I haven’t talked about it much here or on social media, but my mother has been suffering from dementia for at least four years now—four noticeable years, anyway, but in retrospect you start to wonder about the state of her mind even earlier, and certain things appear in a different light. This fall, we brought her closer as we moved her into memory care—a 20-minute drive rather than an hour and a half. Which makes it possible to see her much more often.
The place where she lives had a holiday dinner earlier this week and it was nice to share a meal with her.
Having her close is a double-edged sword: we can visit more often, but with work and school and all the related commitments, I still can’t get there as often as I feel like I should. It’s almost worse, because when it’s prohibitively difficult to visit, well, you just can’t visit that often. But now? Now that she’s not living in the town where she spent the past half century, I know that no one will come to visit her except me, and I can’t seem to get there often enough.
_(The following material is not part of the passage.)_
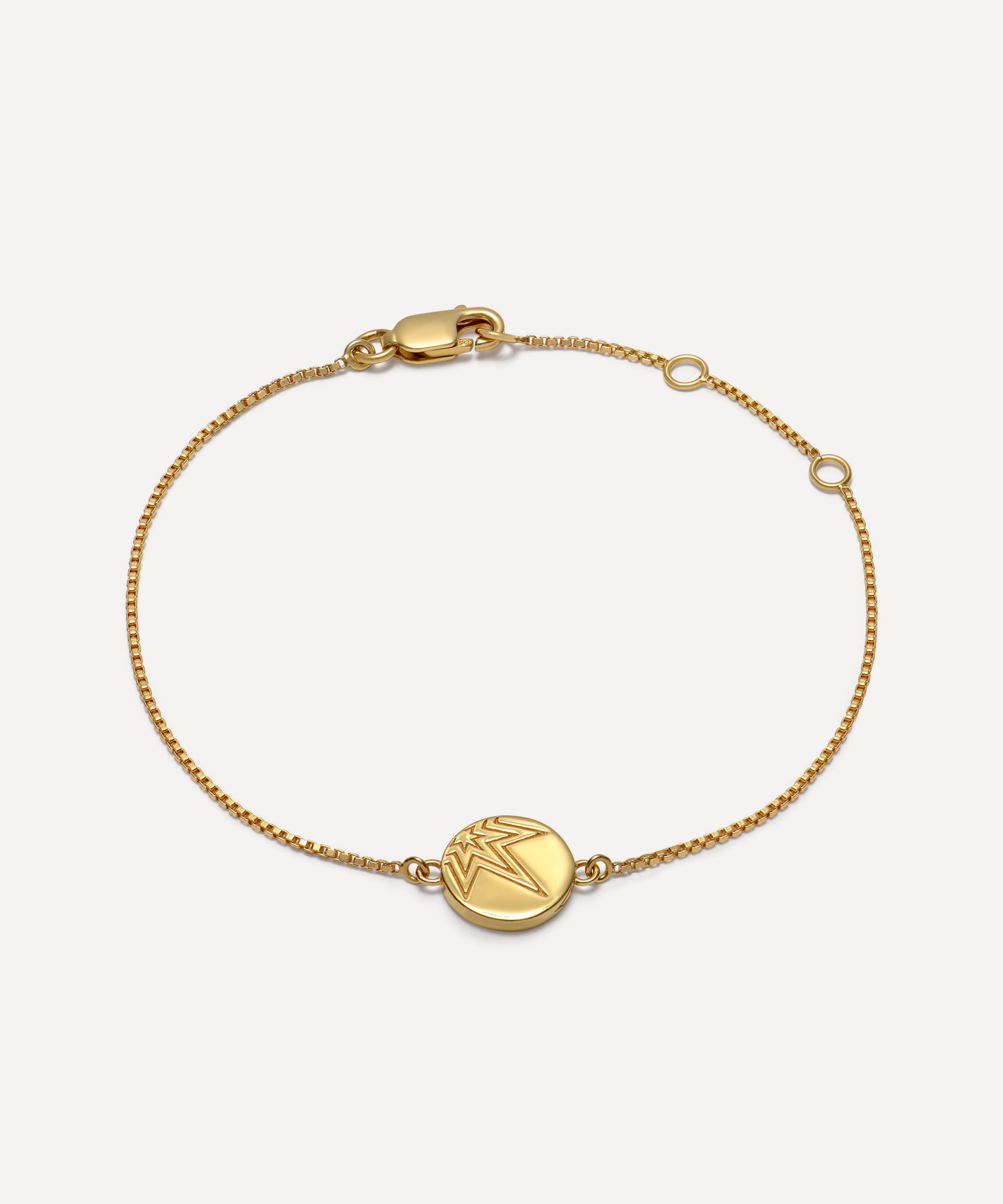 Boasting a light-hearted addition to your collection, the Mini Happy Face charm bracelet from Rachel Jackson instantly brings an element of fun to your edit. Crafted from 22ct gold-plated silver, this bracelet features a fine chain and a happy face charm adorned with two cubic zirconia-set eyes. Try layering yours with other delicately playful pieces for a contemporary approach.

We traveled to be with my wife’s family over Thanksgiving, which made it a week and a half between visits, and I felt terrible about it. Part of me expected, and dreaded, what Mom would say when I did visit her, what kind of guilt trip it might be. That is, after all, kind of her MO.
But she didn’t seem particularly aware of how long had passed. Which was a relief, but also a painful reminder of how much she has lost already. The Mom I grew up with would have been acutely aware down to the hour of how long it had been and never would have let that slide.
I’ve heard this called “the long goodbye.” And I try to recognize it for the blessing it can be. I know people who have lost parents or spouses suddenly, and that is so devastating. Mom’s death, when it comes, will not be that. I have had years already to come to terms with the loss, because the loss has been happening little by little, day by day. My dad’s death was similar in its own way: not dementia precisely, because his loss of mind and self came from a tumor and damage from surgery, but it was also the kind of long goodbye that meant we were ready, relieved, when his suffering and ours finally ended. The grief we felt—of course there was still grief—was simply the crest of the final wave of many that was crashing against our shore.
And yet. Earlier this fall, Mom went to the hospital with a fall. It turned out she had COVID and pneumonia. Realistically, any of the three things could have killed her. And driving to the hospital, sitting with her, I realized that while I could make peace with it, while she was going, she wasn’t entirely gone, and I’m not ready for goodbye either.
And so, each visit, each event like this week's, are at once difficult reminders of loss and precious moments before the real goodbye.